"You Have To Write Every Day"

(NOTE: Based on time elapsed since the posting of this entry, the BS-o-meter calculates this is 8.442% likely to be something that Ferrett now regrets.)

That’s the most critical piece of writing advice, amiright?  Write every damn day.  If your mother died?  Write at the funeral.  Boyfriend dumped you?  Splash those tears on your keyboard, missy.  Lost both arms in a wrestling match with an alligator?  You can type with your toes!
Just write!  Write!  Write, until you uncork that best-seller from within!
But let’s get serious.  I do write pretty much every day, and I attribute that dedication to the success I’ve had as a fiction writer.  Neil Gaiman once famously told me, “Ferrett, you just need to write,” and after blowing through fifty wretched stories I started to get to some decent ones. I treat my writing career as if my boss were Ebeneezer Scrooge; I show up every day, no vacations, and toil well past the time I’d scheduled.
That’s what works for me, but every writer uses a different method to harness the muse.  Some people must plot in advance; I have to make it up with each sentence.  My friend Kat has to write it all down in longhand; I need a keyboard.  I have to revise a story five times minimum before it’s ready for publication, whereas redrafting for others is like shoveling ashes on top of a burning fire, damping all the energy of that first burst of creativity.
Some people, no, they can’t write every day.  They need to take a week off from fiction to refresh their creativity, wandering and dreaming before returning to the Land Of Difficult Words, and there’s nothing wrong with that.

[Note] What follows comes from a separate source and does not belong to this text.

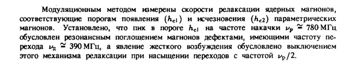 Модуляционным методом измерены скорости релаксации ядерных магнонов, соответствующие порогам появления (hci) и исчезновения (Л^г) параметрических магнонов. Установлено, что пик в пороге hc\ на частоте накачки ир 780 МГц обусловлен резонансным поглощением магнонов дефектами, имеющими частоту перехода j>r 390 МГц, а явление жесткого возбуждения обусловлено выключением этого механизма релаксации при насыщении переходов с частотой ир/2.
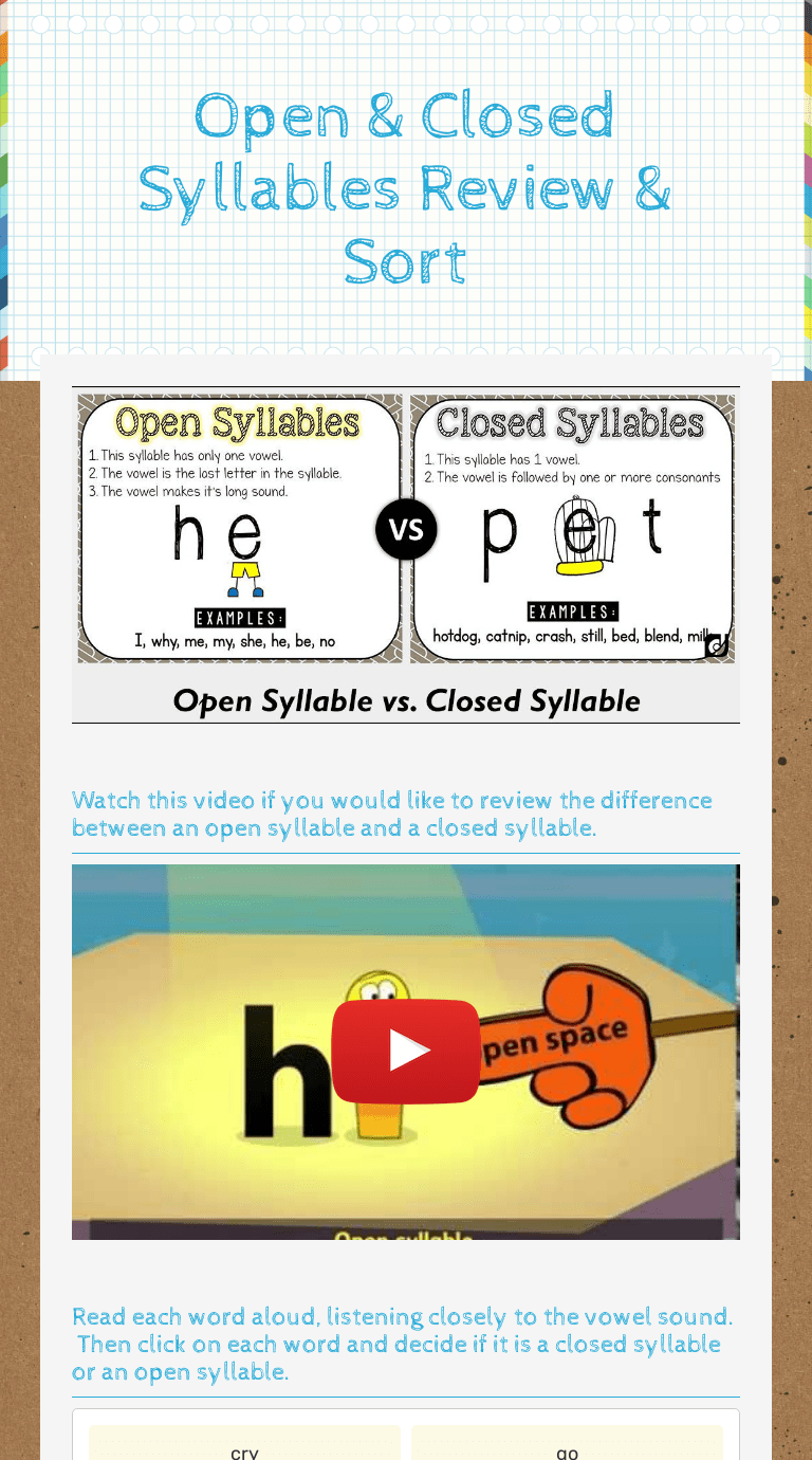 Web cut out the syllables and sort them under the open or closed door. If it’s an open syllable, draw the line to the open. This first grade activity helps students improve. Worksheet 1 worksheet 2 worksheet 3 rhyming. Web learn about open and closed syllables so that your kids can identify the differences in vowel. Web these pdf worksheets on sorting open and closed syllables are best suited for kindergarten through grade 3 kids. Syllable practice draw a line to the correct door. Separate the word into syllables with a slash mark (/). Web open and closed syllables worksheets to print:

They’re not slackers; this is part of their creative process, and they know this is how they make their best work.
Still, the reason this “Write every day” schtick is so schticky is because every professional writer I know has one talent in common: they write when they don’t really want to.  Because as a writer, while it feels better to write while inspired, most of us soon discover that there’s not much of a difference in terms of what you actually create.  Some of my best writing has come from days where I felt like I was trudging through broken glass, and some of my worst writing has flown effortlessly from my fingertips to land on the page like fresh cat droppings.  For most – not all, but most – what we create has little to do with how we feel about it while creating it.  So most of us learn not to wait for inspiration, but rather to squeeze it out of ourselves like toothpaste from a wrung tube.
You may not write every day, but the world is busy and does not care if you’re a writer.  If you do not make time for the act of creation, then laundry and children and lovers and work will swallow your ambitions whole.  So you need to create time. The more often, the better. Because the number-one enemy that eats talented writers for breakfast, devouring millions of words of beautiful prose that we’ll never get to see, is Real Life.
…And yes, revising stories and critiquing stories all counts for this time.  If you’re thoroughly analyzing fiction, this counts.  You’ve set your brain to work on the big question, which is “How can I make this better?”
Which is the other problem with the “write every day” thinking: it assumes that merely writing is enough.  I know people who churn out 10,000 words every day, and they’re just as terrible when they began.  It’s not enough to just vomit words onto the screen – it has to be a focused writing, thinking about the details, bolstering your strengths, asking, “How can I do this better?” If you’re endlessly enamored of your own work, convinced it’s beautiful and not a word could be improved, you’re not writing, you’re masturbating.  And there is absolutely nothing wrong with masturbation, but it’s not improving anything except your ability to pleasure yourself.
When you sit down to write, do so in a focused manner.  Think, “How am I going to make this the best story in the damn world?”  You probably won’t, but asking the question and analyzing will lead you to better and better techniques.  And one day – even if that’s a day you did not necessarily write – you’ll find that you’ve become the sort of writer you’d hoped to be.
Good luck.

3 Comments

  1. alexander
    Oct 9, 2012

    ::golfclap:: This. Very much this, thank you. I think I shall show this to a few friends.

  2. Shauna Roberts
    Oct 9, 2012

    YES! Excellent post, Ferrett. I’ve seen the advice to write every day so many times, but you have articulated the reasons why that advice is wrong (except perhaps for hermits living off the grid) excellently.

  3. James Everington
    Oct 9, 2012

    Too right. Whilst you obviously have to write a lot, the idea that everyone’s imagination works in the same way is trite and, well, unimaginative.